One of the most compelling ways to launch and build a business or brand is to create a legend around it. Tell a deeply compelling story that draws in not only clients and prospects, but employees, partners, collaborators, mentors and evangelists.

I’m not talking about fabricating a story from thin air, but, rather, bringing substantially more art and deliberation to the way you craft and share yours. Done right, with integrity and authenticity, it can transform the way you do business and make everything from day to day operations to sales and marketing infinitely more easy.

There are many powerful story lines around which to build your legend.

The reluctant hero is a classic example. Elements include:

  • Setting the scene
  • The ordinary Josephine or Joe stepping into the role of protagonist
  • Exploring and deepening a pain or yearning for something
  • Being forced with great reluctance into action by the inciting incident, which creates…
  • The unlikely hero/adventurer/discoverer, vision-quester…you… and
  • Sets in motion the quest for an answer, during which there comes
  • The inner struggle, which inevitably leads down the wrong path
  • That circles at the last possible moment back to
  • The revelation, an awakening or moment of discovery, which leads to
  • The solution, that sets in motion a new fully-awakened path, then
  • Salvation, innovation, creation and adoration

When we tell this story in the context of defining, launching and building a brand or business, the purpose is not to provide a respite, escape or moment of entertainment, but rather to so closely pace the experience of the reader that they actually step into the story, they experience a sense of transference that goes beyond rapport.

They become the protagonist. And, in pacing their current experience, you are telling their story, sharing their tale of woe, their pains, frustrations, emotions and deep need for resolution.

You bring them to a place where they’re hanging on every word to find out just how the story resolves itself.

Because in the story’s resolution, they find their own resolution.

And, this is the moment you bridge the gap from pacing and agitating the readers’ current experience, from telling their story through the lens of your own quest to leading them into the part of the story that’s yet to unfold. The events, people and solutions that will bring solace, remove pain and deliver them into a place of exaltation. Salvation. Respect. Success. Devoid of pain.

And, guess who those people, events and solutions are?

They are you, your ideas, your products, your services, your solutions.

This is just one example of how to tap the power of a well-crafted evolutionary metaphor, the reluctant hero, to build a connection between you and your prospects, then deliver them into what seems an irrefutable desire to buy what you’re selling as the only logical way to resolve their own pain, to solve their own problem.

So, my question to you is…

What’s your story?

Your legend?

Your journey of discovery?

The one capable of defining your quest and revelation, fueling the growth of your community and driving them to action?
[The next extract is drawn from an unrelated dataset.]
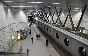 Wilhelminaplein is an underground subway station in Rotterdam, Netherlands, which lies south of the Maas river. It is part of Rotterdam Metro lines D and E.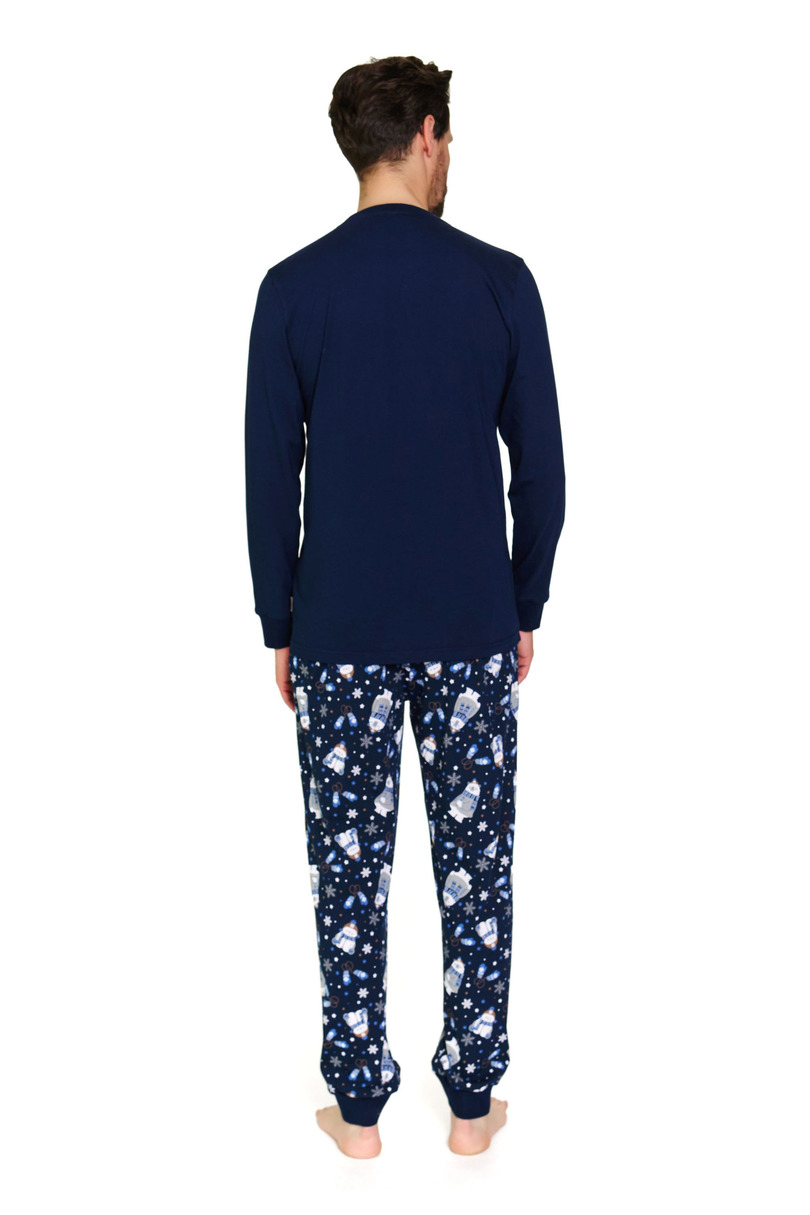 Чоловіча піжама Doctor Nap PM.7338 Cozy Bear BIG поєднує в собі класичний комфорт із сучасним дизайном. Виготовлена зі 100% високоякісної м'якої бавовни, вона забезпечує комфорт і повітропроникність протягом усієї ночі. Футболка з довгими рукавами у відтінках темно-синього та синього прикрашена грайливим принтом ведмедика, що надає їй унікального характеру. Комплект включає довгі штани з практичними кишенями, що робить піжаму не тільки зручною, але й функціональною. Класичний крій гарантує свободу рухів і ідеально підходить як для сну, так і для відпочинку вдома.

___________Wednesday’s Awakened Shout Outs_____________

  • Pro Blogger Book 2nd Edition – Speaking of story, my friends, Darren Rowse & Chris Garrett have just released the 2nd edition of their book Pro Blogger. Among the many revisions and new material, Darren spent an entire chapter revealing a side of his own journey, the launch and growth of his massive Digital Photography School venture, that forms the foundation of his own business. It’s all new material, and incredibly compelling as both proof of what can be done and strategies that can be leveraged. Go check it out!
  • World-Changing Writing Workshop – Pace & Kyeli from the acclaimed Freak Revolution have put together a very cool 6-week online writers’ workshop where an intimate faculty of top online writers and well-known authors will be sharing strategies, tactics, insights and ideas designed to take your writing to a whole new level. You can learn more here (disclosure – I’m one of the presenters for this program and I’m also an affiliate, so if you register using the above link, I’ll not only get to play with you in the program, but make gobs of money and likely retire to a small island off Puerto Rico shortly after)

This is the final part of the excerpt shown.